Your objective: Retype only the lines running from the beginning of the entries below to the line with "ACLのシーズン移行に伴い、", both included. Do not include pictures.

Records from a dataset:
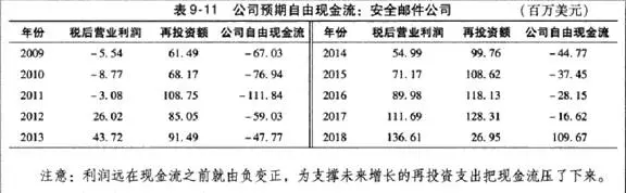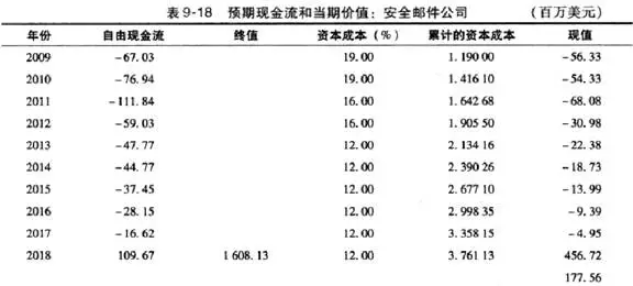 5) 再投资。我们假设随着安全邮件公司在这个不断增长的市场上拓展其市场份额,其收入在第十年增加到了17. 5亿美元。为了评估安全邮件公司需要再投资多少资金,才能创造出这笔收入。我们采用了这个行业里的收入与已投资本比率1. 95(基于这项业务上市公司的收入和股权面值比) 。我们还采用了再投资和增长之间一年的滞后期。用来评估每年所需的再投资额。表9-9概述了我们的评估值。
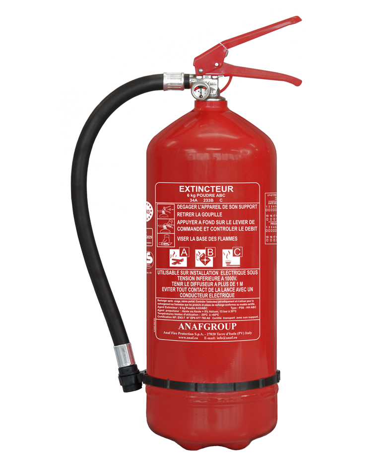 PS6-HH ABC est un extincteur pressurisé à poudre avec manomètre. Températures d’utilisation de –30°C à +60 °C, par conséquent adéquat aussi dans les pays à températures extrêmes. Certifié selon la Directive Equipement Sous Pression PED 2014/68/EU, NF EN3 et Directive Européenne pour la Marine MED 2014/90/EU sur demande. Tous les extincteurs sont contrôlés par un système électronique de détection des fuites à base d’hélium.
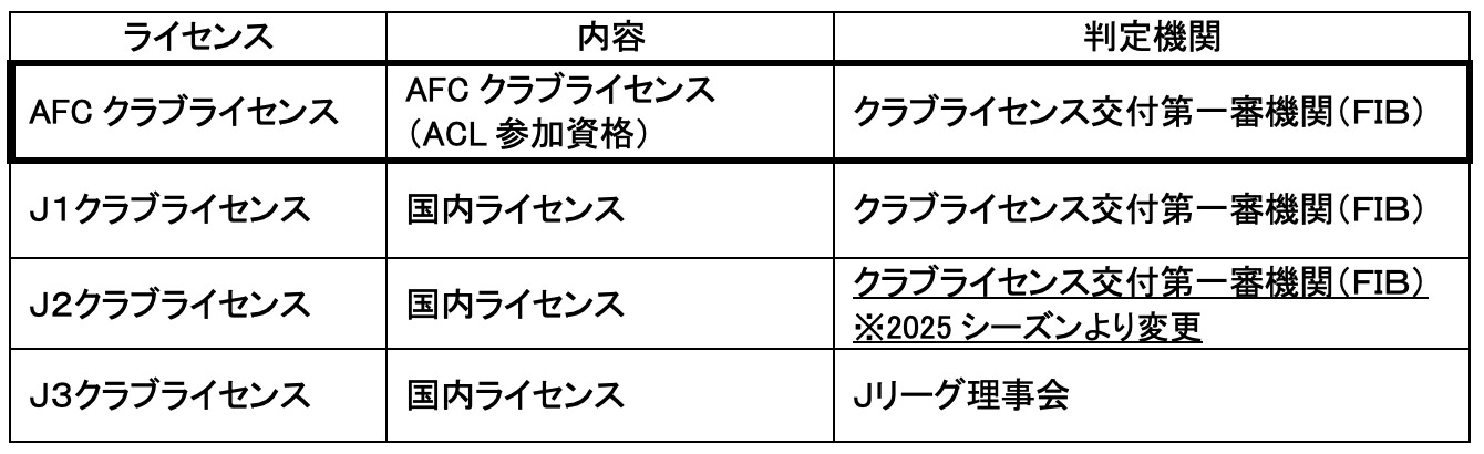 ACLのシーズン移行に伴い、2023/24シーズンに引き続きJ1クラブライセンスとは別に、AFCクラブライセンス判定を実施いたしました。AFCクラブライセンスは、J1クラブライセンスと同様に、クラブから提出された申請書類に基づき、Jリーグから独立した第三者機関であるクラブライセンス交付第一審機関(FIB)にて判定されます。
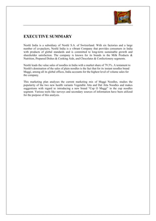 This marketing plan analyzes Maggi Noodles' current marketing mix in India. It studies the popularity of two new healthy variants - Vegetable Atta and Dal Atta Noodles. The plan makes suggestions for introducing a new "Cup O Maggi" brand in the cup noodles segment. Various tools like surveys and secondary research were used. Nestle India leads the instant noodles market in India with Maggi having a 79.3% market share. The plan evaluates introducing improvements to the Dal Atta variant and a new Cup O Maggi product along with packaging changes to further market share.
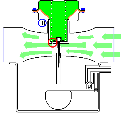 Das wichtigste Bauteil jedes Vergasers ist das Venturirohr. Das ist das Rohr durch das die Luft vom Luftfilter in Richtung Einlass strömt. Das Venturirohr ist in der Mitte nach innen gewölbt wie eine Flugzeugtragfläche. Wenn Luft durch das Rohr strömt und den engeren Bereich passiert, muß sie an dieser Stelle schneller strömen als in den anderen Bereichen. Dadurch entsteht an der Engstelle ein Unterdruck (wie an der Oberseite einer Tragfläche). |

Reply to the exercise:
 5) 再投资。我们假设随着安全邮件公司在这个不断增长的市场上拓展其市场份额,其收入在第十年增加到了17. 5亿美元。为了评估安全邮件公司需要再投资多少资金,才能创造出这笔收入。我们采用了这个行业里的收入与已投资本比率1. 95(基于这项业务上市公司的收入和股权面值比) 。我们还采用了再投资和增长之间一年的滞后期。用来评估每年所需的再投资额。表9-9概述了我们的评估值。
 PS6-HH ABC est un extincteur pressurisé à poudre avec manomètre. Températures d’utilisation de –30°C à +60 °C, par conséquent adéquat aussi dans les pays à températures extrêmes. Certifié selon la Directive Equipement Sous Pression PED 2014/68/EU, NF EN3 et Directive Européenne pour la Marine MED 2014/90/EU sur demande. Tous les extincteurs sont contrôlés par un système électronique de détection des fuites à base d’hélium.
 ACLのシーズン移行に伴い、2023/24シーズンに引き続きJ1クラブライセンスとは別に、AFCクラブライセンス判定を実施いたしました。AFCクラブライセンスは、J1クラブライセンスと同様に、クラブから提出された申請書類に基づき、Jリーグから独立した第三者機関であるクラブライセンス交付第一審機関(FIB)にて判定されます。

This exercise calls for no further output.